Goal of the exercise: Write out the whole listing below exactly, skipping each picture.

━━━━━ Provided records ━━━━━

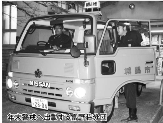
年末警戒へ出動する富野荘分団
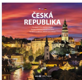
knihy Česká republika – To nejlepší z Čech, Moravy a Slezska

Libor Sváček se věnuje fotografii reklamní, technické a reportážní, fotografuje krajinu a architekturu, zaměřuje se mj. na leteckou fotografii. V roce 1992 založil vlastní fotostudio Expho, od roku 2005 úzce spolupracuje s Vydavatelstvím MCU, realizátorem výstavy. Výsledkem této dlouhodobé spolupráce je zatím 24 autorských fotografických publikací zaměřených na zachycení krásných a zajímavých míst České republiky a také desítky výstav u nás i v zahraničí. V současné době se připravuje do tisku 25. společný titul „Česká republika UNESCO“.
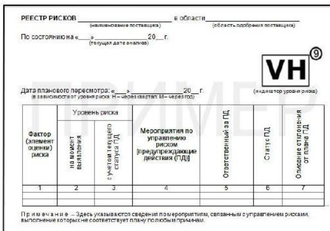
Рисунок Б.1 — Рекомендуемая форма реестра рисков

Также может быть использована форма, рекомендованная SAE ARP 9134 (таблица Б.2).
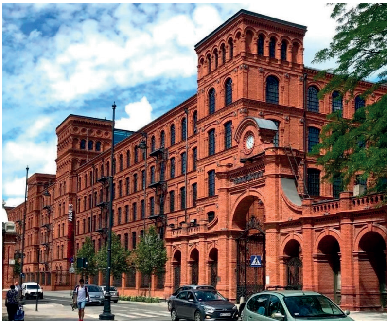
Fot. 10. Wejście do Manufaktury od ul. Ogrodowej

Projekt Manufaktury przywrócił do przestrzeni publicznej dawną zdegradowaną fabrykę, generując w Łodzi duże zainteresowanie terenami postindustrialnymi oraz dziedzictwem poprzemysłowym. Świadomość społeczna i postrzeganie tego dziedzictwa ewoluowało: z niechcianego i zapomnianego, do wartościowego i ważnego dla społeczności lokalnej.
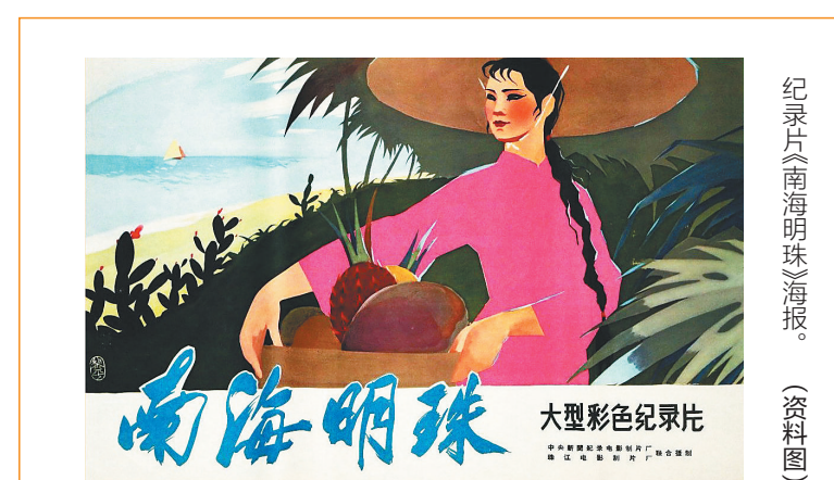
纪录片《南海明珠》海报。(资料图)
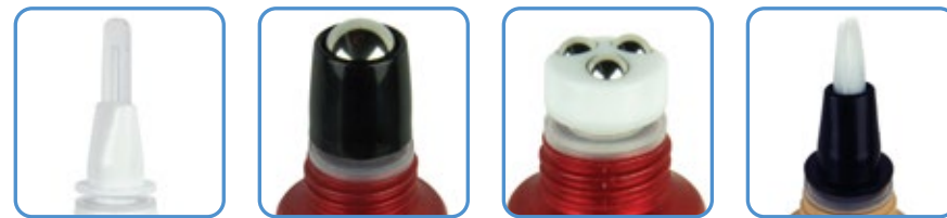
Spatula Roll on Triball Brush
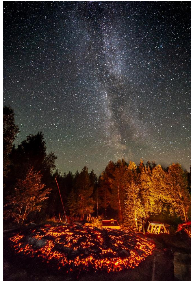
Joululehden kuva: Vimpelin Joulu 2019

Lisätietoja Vimpeli-Seuran kotisivuilta www.vimpeli-seura.fi
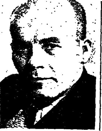
تفسير جديد في تشيكوسلوفاكيا

وارسو - رويتر - اعلن الجيش البولندي ولاءه للمستر فلاديسلاف غومولكا زعيم الحزب الشيوعي في فترة مناورات سياسية مستمرة اعتبست اضطرابات طلابية واشتباكات في الشوارع في مختلف انحاء بولندا . وقد انتهت الصحف البولندية الستالينية القمامة ويهودا يؤيدون اسرائيل والرجعيين والذئاب الاستعمار بالتحريش على الاضطرابات واستغلال هذه الاضطرابات في محاولة لتقويض سلطة المستر غومولكا ويأتي تاييد الجيش للمستر غومولكا في أعقاب تمديدالولاء للرئيس البولندي اعلنه المستر ادوارد جيريك زعيم الحزب في سيليزيا وتمهد مجاله لانتعاش منظمة المحاربين القدامى التي يتزعمها الجنرال مايستريزتس موكرار وزير الداخلية .
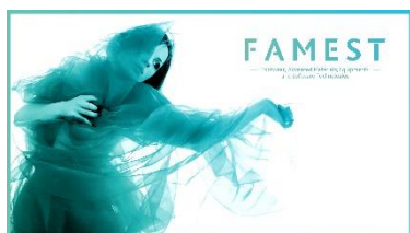
Logotipo e Imagem projeto
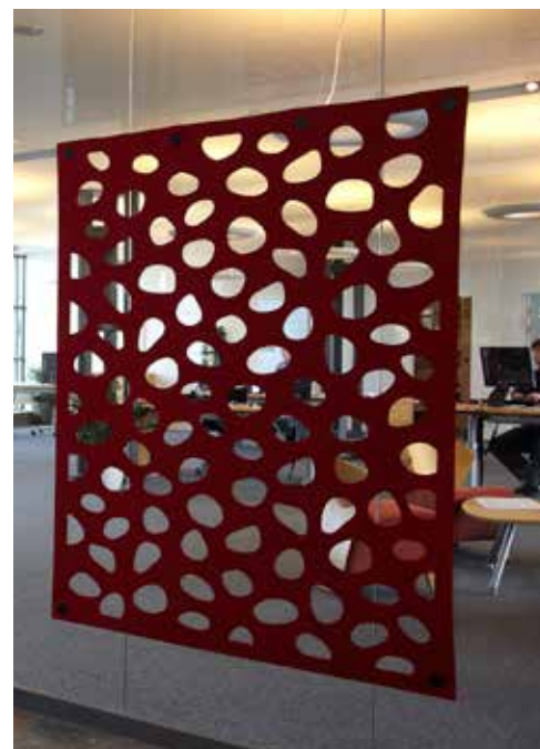
GlassCover i Fåborg sparekasse.

– Vil man eksempelvis have sit firmalogo på, så laver vi det. Med den såkaldte GlassCover filt kan man tilmed trække lys ind udefra og samtidig bevare den eftertragtede ro.
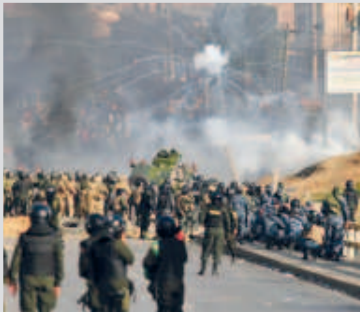
Militares y policías arremetieron contra el pueblo boliviano.
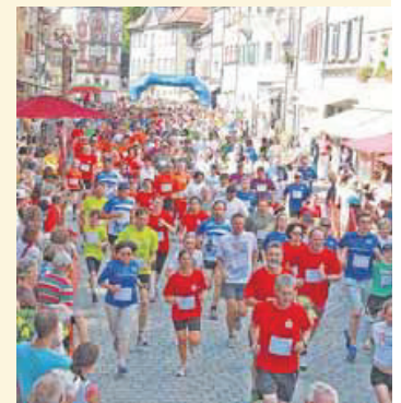
Nach dem Hauptlauf lockt die Altstadt-Hockete auf dem Markt- und Postplatz.

Anmelden können sich Läufer unter www.mtg-wangen.de oder bei Reinhold Meindl: 07522/909224.
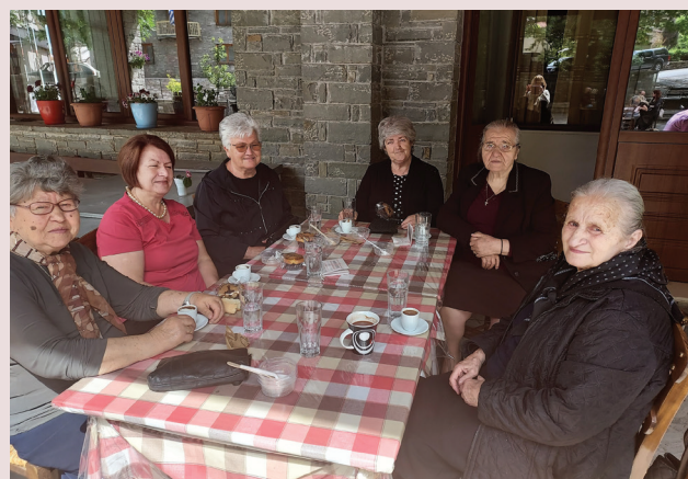
Ξεχωριστές στιγμές στην πλατεία του χωριού μας κάτω από τον περήφανο πλάτανο και το φως του λαμπρού ήλιου. Η απόλαυση του καφέ για τις Κερασοβίτισσες γυναίκες και η πεποίθηση που δίνει το τσίπουρο για την απόσταξη του χρόνου, για τους Κερασοβίτες άνδρες, καταγράφεται στα πρόσωπα των φωτογραφιών.
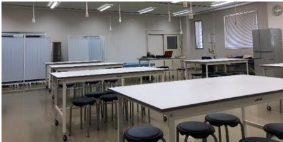
【3階 基礎工学実習室】

━━━━━

The answer:
年末警戒へ出動する富野荘分団
knihy Česká republika – To nejlepší z Čech, Moravy a Slezska

Libor Sváček se věnuje fotografii reklamní, technické a reportážní, fotografuje krajinu a architekturu, zaměřuje se mj. na leteckou fotografii. V roce 1992 založil vlastní fotostudio Expho, od roku 2005 úzce spolupracuje s Vydavatelstvím MCU, realizátorem výstavy. Výsledkem této dlouhodobé spolupráce je zatím 24 autorských fotografických publikací zaměřených na zachycení krásných a zajímavých míst České republiky a také desítky výstav u nás i v zahraničí. V současné době se připravuje do tisku 25. společný titul „Česká republika UNESCO“.
Рисунок Б.1 — Рекомендуемая форма реестра рисков

Также может быть использована форма, рекомендованная SAE ARP 9134 (таблица Б.2).
Fot. 10. Wejście do Manufaktury od ul. Ogrodowej

Projekt Manufaktury przywrócił do przestrzeni publicznej dawną zdegradowaną fabrykę, generując w Łodzi duże zainteresowanie terenami postindustrialnymi oraz dziedzictwem poprzemysłowym. Świadomość społeczna i postrzeganie tego dziedzictwa ewoluowało: z niechcianego i zapomnianego, do wartościowego i ważnego dla społeczności lokalnej.
纪录片《南海明珠》海报。(资料图)
Spatula Roll on Triball Brush
Joululehden kuva: Vimpelin Joulu 2019

Lisätietoja Vimpeli-Seuran kotisivuilta www.vimpeli-seura.fi
تفسير جديد في تشيكوسلوفاكيا

وارسو - رويتر - اعلن الجيش البولندي ولاءه للمستر فلاديسلاف غومولكا زعيم الحزب الشيوعي في فترة مناورات سياسية مستمرة اعتبست اضطرابات طلابية واشتباكات في الشوارع في مختلف انحاء بولندا . وقد انتهت الصحف البولندية الستالينية القمامة ويهودا يؤيدون اسرائيل والرجعيين والذئاب الاستعمار بالتحريش على الاضطرابات واستغلال هذه الاضطرابات في محاولة لتقويض سلطة المستر غومولكا ويأتي تاييد الجيش للمستر غومولكا في أعقاب تمديدالولاء للرئيس البولندي اعلنه المستر ادوارد جيريك زعيم الحزب في سيليزيا وتمهد مجاله لانتعاش منظمة المحاربين القدامى التي يتزعمها الجنرال مايستريزتس موكرار وزير الداخلية .
Logotipo e Imagem projeto
GlassCover i Fåborg sparekasse.

– Vil man eksempelvis have sit firmalogo på, så laver vi det. Med den såkaldte GlassCover filt kan man tilmed trække lys ind udefra og samtidig bevare den eftertragtede ro.
Militares y policías arremetieron contra el pueblo boliviano.
Nach dem Hauptlauf lockt die Altstadt-Hockete auf dem Markt- und Postplatz.

Anmelden können sich Läufer unter www.mtg-wangen.de oder bei Reinhold Meindl: 07522/909224.
Ξεχωριστές στιγμές στην πλατεία του χωριού μας κάτω από τον περήφανο πλάτανο και το φως του λαμπρού ήλιου. Η απόλαυση του καφέ για τις Κερασοβίτισσες γυναίκες και η πεποίθηση που δίνει το τσίπουρο για την απόσταξη του χρόνου, για τους Κερασοβίτες άνδρες, καταγράφεται στα πρόσωπα των φωτογραφιών.
【3階 基礎工学実習室】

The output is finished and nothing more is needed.